Description
These fluffy buckwheat pancakes are light, tender, and naturally wholesome. With a nutty flavor and subtle sweetness, they’re perfect for slow mornings.
Ingredients
1 cup (120g) buckwheat flour
1/2 cup (65g) all-purpose or GF flour
1 1/4 cups (295ml) milk (dairy or non-dairy)
2 tbsp lemon juice or white vinegar
4 tbsp (56g) unsalted butter, melted (plus more for skillet)
1 tbsp sugar
3/4 tsp baking soda
1/2 tsp sea salt
1 large egg
1 tsp vanilla extract
Instructions
1. Combine milk and lemon juice in a bowl. Let sit 5 minutes.

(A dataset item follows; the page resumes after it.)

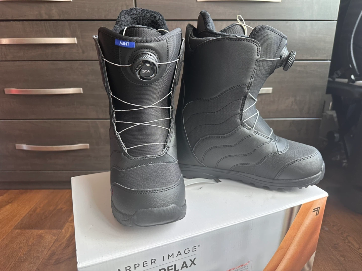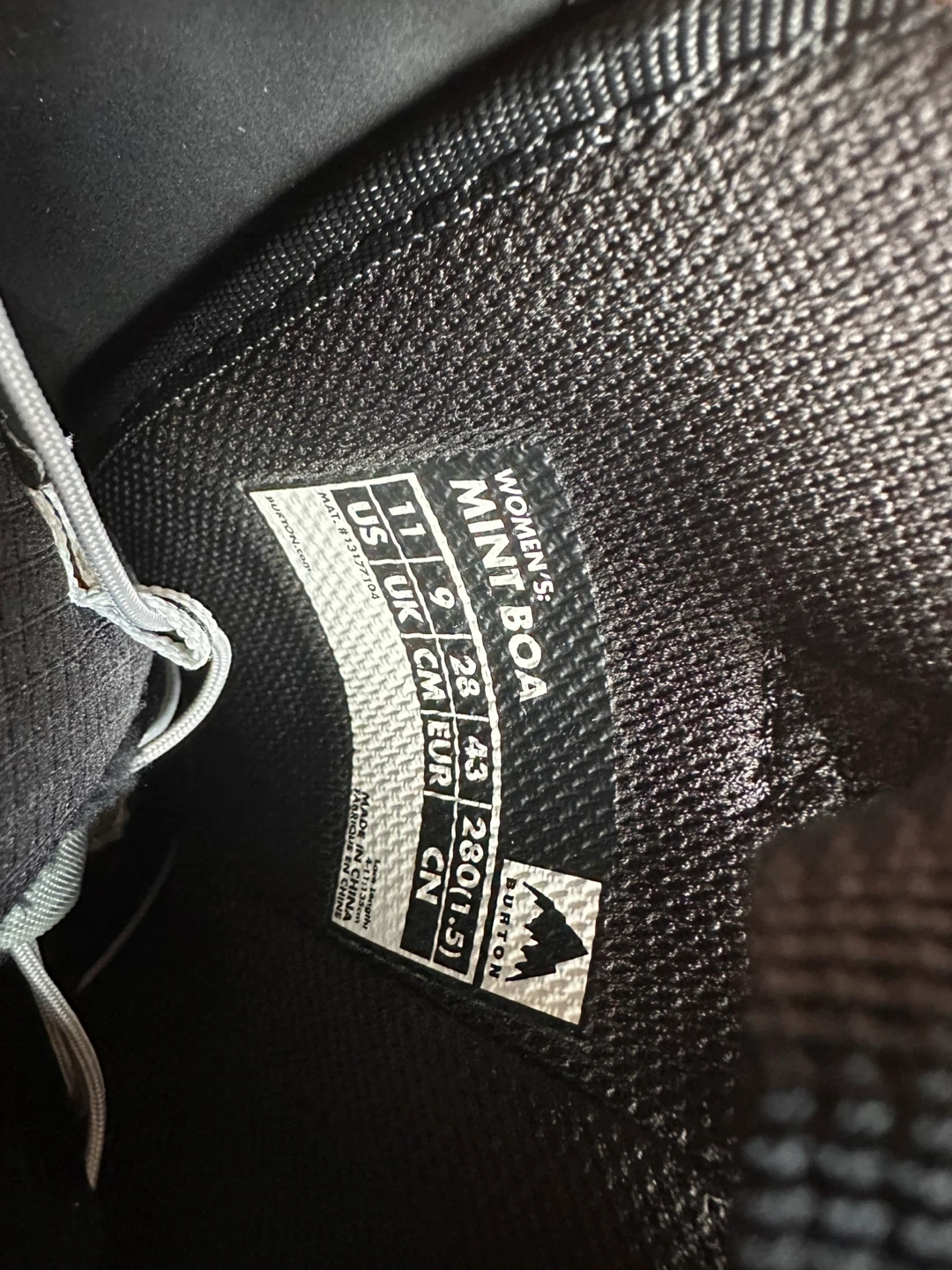 Selling a pair of Burton Mint Boa women's snowboard boots in US size 11. They're in great shape and ready for the slopes! The Boa system makes getting in and out super easy and provides a snug, comfortable fit.

2. Whisk flours, sugar, baking soda, and salt in a large bowl.
3. Whisk egg and vanilla into the milk mixture.
4. Pour milk mixture and melted butter into the dry ingredients.
5. Stir until just combined; some lumps are okay.
6. Heat skillet over medium and brush with butter.
7. Spoon 1/4 cup batter per pancake into skillet.
8. Cook until bubbles form and edges dry (about 2 minutes).
9. Flip and cook 1–2 more minutes until golden.
10. Serve hot with butter and maple syrup.
Notes
Batter thickens as it sits. Add a splash of milk to thin if needed.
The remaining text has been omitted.